What the task asks:
With the pictures omitted, repeat exactly the lines below starting with the line that has "Welcome to Clear" and going on through the line that has "The CH327 dining".

Raw data:

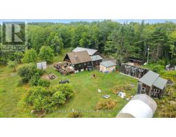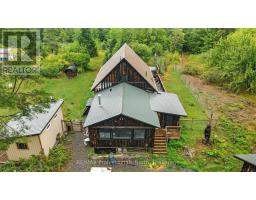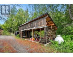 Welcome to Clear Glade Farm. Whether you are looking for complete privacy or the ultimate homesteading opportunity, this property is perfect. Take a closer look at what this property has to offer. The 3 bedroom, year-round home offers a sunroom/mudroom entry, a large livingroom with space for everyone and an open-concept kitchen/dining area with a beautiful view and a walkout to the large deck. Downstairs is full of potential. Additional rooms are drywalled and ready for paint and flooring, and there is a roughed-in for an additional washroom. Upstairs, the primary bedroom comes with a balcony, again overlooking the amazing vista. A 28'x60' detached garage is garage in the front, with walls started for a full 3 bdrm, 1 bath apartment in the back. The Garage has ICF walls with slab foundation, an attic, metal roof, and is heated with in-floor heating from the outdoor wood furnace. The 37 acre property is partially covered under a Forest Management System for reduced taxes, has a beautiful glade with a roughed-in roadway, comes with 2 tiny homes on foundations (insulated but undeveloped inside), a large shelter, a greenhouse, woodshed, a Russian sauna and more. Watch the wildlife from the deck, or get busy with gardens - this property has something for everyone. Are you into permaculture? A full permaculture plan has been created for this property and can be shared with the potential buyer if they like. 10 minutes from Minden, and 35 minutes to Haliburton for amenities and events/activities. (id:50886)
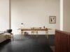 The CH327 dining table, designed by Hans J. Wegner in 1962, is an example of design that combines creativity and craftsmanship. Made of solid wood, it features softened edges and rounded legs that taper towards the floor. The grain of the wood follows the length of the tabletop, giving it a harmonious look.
...
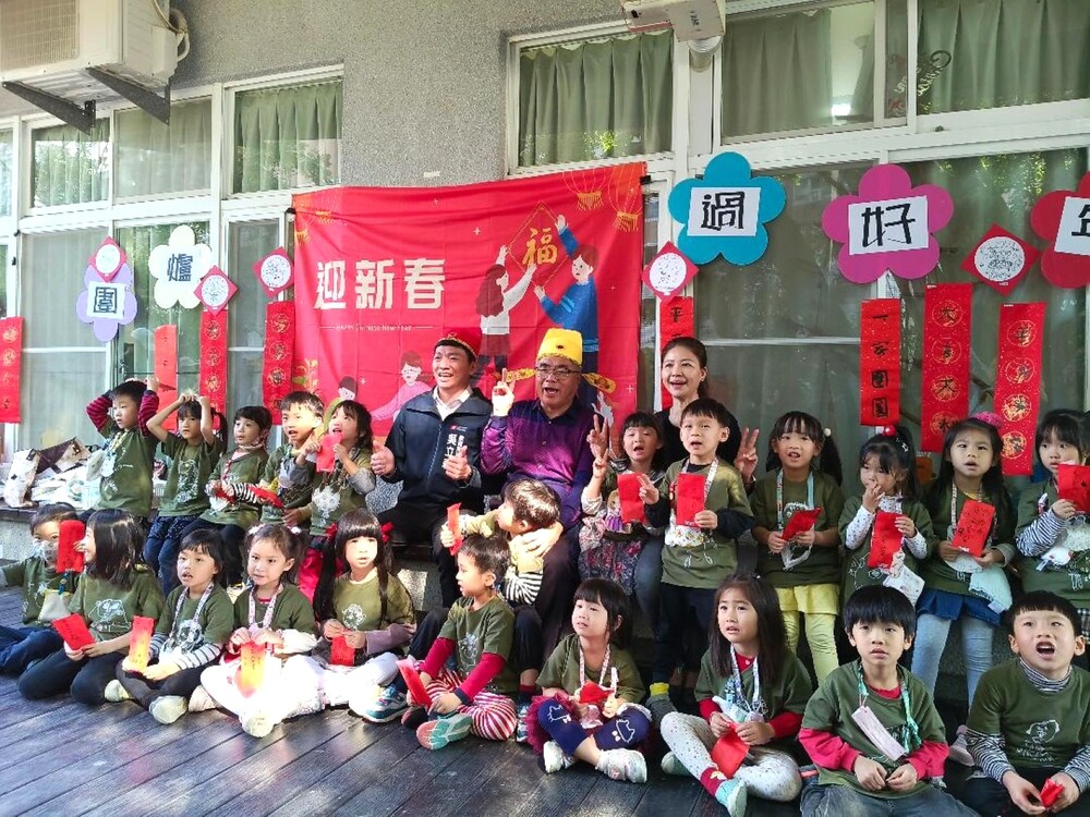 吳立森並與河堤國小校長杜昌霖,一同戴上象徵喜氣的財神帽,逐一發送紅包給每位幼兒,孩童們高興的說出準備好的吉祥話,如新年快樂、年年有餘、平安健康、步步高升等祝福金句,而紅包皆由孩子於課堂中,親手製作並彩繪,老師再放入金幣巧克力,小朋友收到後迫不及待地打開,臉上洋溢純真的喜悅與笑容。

Answer to this problem:
 Welcome to Clear Glade Farm. Whether you are looking for complete privacy or the ultimate homesteading opportunity, this property is perfect. Take a closer look at what this property has to offer. The 3 bedroom, year-round home offers a sunroom/mudroom entry, a large livingroom with space for everyone and an open-concept kitchen/dining area with a beautiful view and a walkout to the large deck. Downstairs is full of potential. Additional rooms are drywalled and ready for paint and flooring, and there is a roughed-in for an additional washroom. Upstairs, the primary bedroom comes with a balcony, again overlooking the amazing vista. A 28'x60' detached garage is garage in the front, with walls started for a full 3 bdrm, 1 bath apartment in the back. The Garage has ICF walls with slab foundation, an attic, metal roof, and is heated with in-floor heating from the outdoor wood furnace. The 37 acre property is partially covered under a Forest Management System for reduced taxes, has a beautiful glade with a roughed-in roadway, comes with 2 tiny homes on foundations (insulated but undeveloped inside), a large shelter, a greenhouse, woodshed, a Russian sauna and more. Watch the wildlife from the deck, or get busy with gardens - this property has something for everyone. Are you into permaculture? A full permaculture plan has been created for this property and can be shared with the potential buyer if they like. 10 minutes from Minden, and 35 minutes to Haliburton for amenities and events/activities. (id:50886)
 The CH327 dining table, designed by Hans J. Wegner in 1962, is an example of design that combines creativity and craftsmanship. Made of solid wood, it features softened edges and rounded legs that taper towards the floor. The grain of the wood follows the length of the tabletop, giving it a harmonious look.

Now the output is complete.